Damocles
- Cover art by H.N. Voss
- Author: Bill Worzel H.N. Voss
- Illustrator: H.N. Voss
- Genre: Post-apocalyptic
- Publisher: Timeline
- Publication date: 1982
- Preceded by: Liberation at Riverton
- Followed by: Operation Lucifer

= Damocles (The Morrow Project) =

Post-apocalyptic role-playing adventure

Damocles is an adventure published by Timeline in 1982 for the post-apocalyptic role-playing game The Morrow Project.

==Contents==
Recon G-9 team is awoken in Michigan 150 years after a nuclear holocaust, and are ordered to take control of Damocles, an experimental military computer equipped with artificial intelligence housed in an underground complex and guarded by autonomous robots.
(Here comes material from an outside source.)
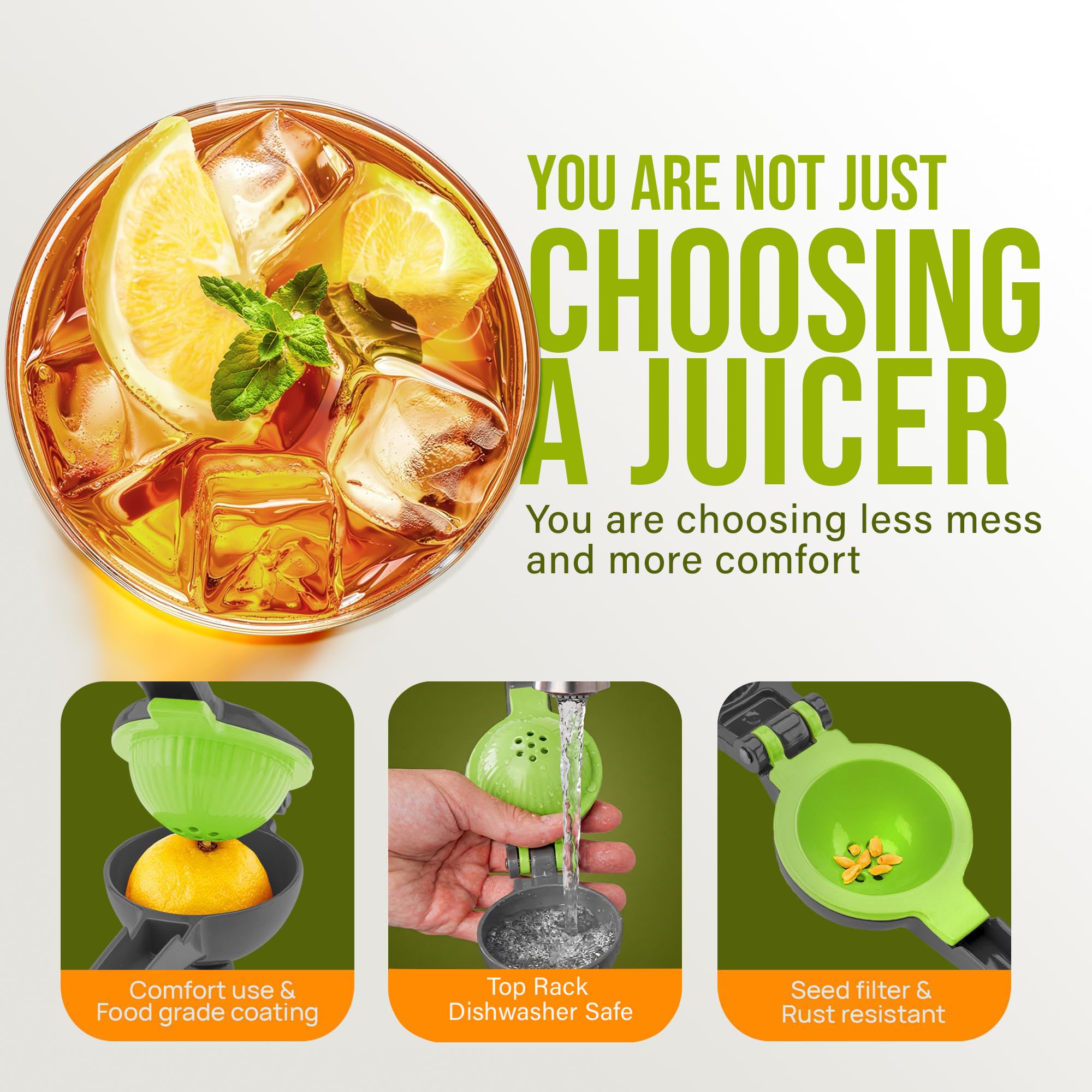 SQUEEZE OUT EVERY DROP OF JUICE: Our 2-in-1 lemon squeezer won’t waste a single drop from your favorite fruit! We have designed this lime juicer to be easy on hands. Watch limes, lemons, and small oranges beg for mercy, even with a soft squeeze. The holes at the bottom of the citrus juicer serve as a seed filter to prevent the pulp and seeds from getting in your way.
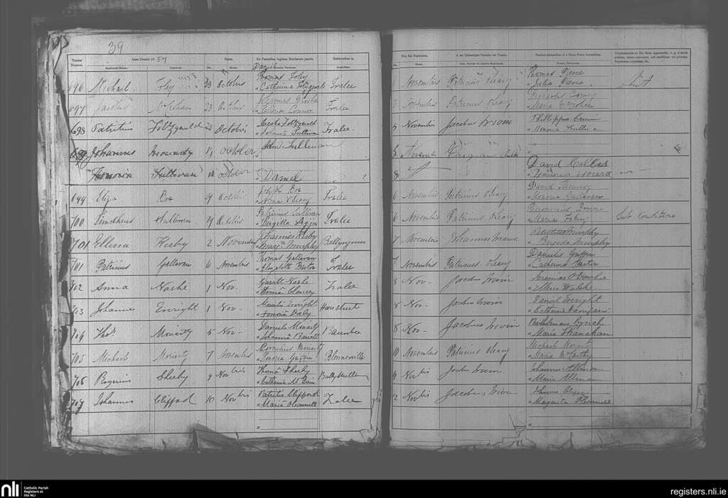 Tralee; County of Kerry; Diocese of Kerry. Baptisms, Nov. 1857

The team must also deal with inter-community wars, wolf packs, and the near-permanent post-nuclear winter.

The book also contains vehicle plans, a replica of the navigation system, equipment sheets, and various floor plans for important locations.

==Publication history==
Timeline published the post-apocalyptic role-playing game The Morrow Project in 1980, and between 1982 and 2013, published eleven adventures, the second in 1982 being Damocles, a 40-page book written by Bill Worzel and H.N. Voss, with artwork by Voss.

==Reception==
In Issue 62 The Space Gamer, William A. Barton commented "Overall, Damocles is quite well done and should provide quite a bit of gaming enjoyment for TMP players, whether it is used as a one-shot scenario or as the first in what could be a lengthy campaign."

In Issue 2 of the British game magazine Imagine, Chris Baylis noted "The scenario is very well designed, but tends to get bogged down in the middle. An experienced [ Project Director ] will have the forethought to include minor (yet not fatal) diversions to keep the players' minds occupied during these passing phases."

In Issue 46 of Different Worlds, Joseph Benedetto warned "although it has a high potential for being a shoot-' em-up, it is actually a 'let's think this one through' game." Benedetto concluded, "A very fun module, it is more suited for experienced players, and those who realize that it is often better to talk than to shoot."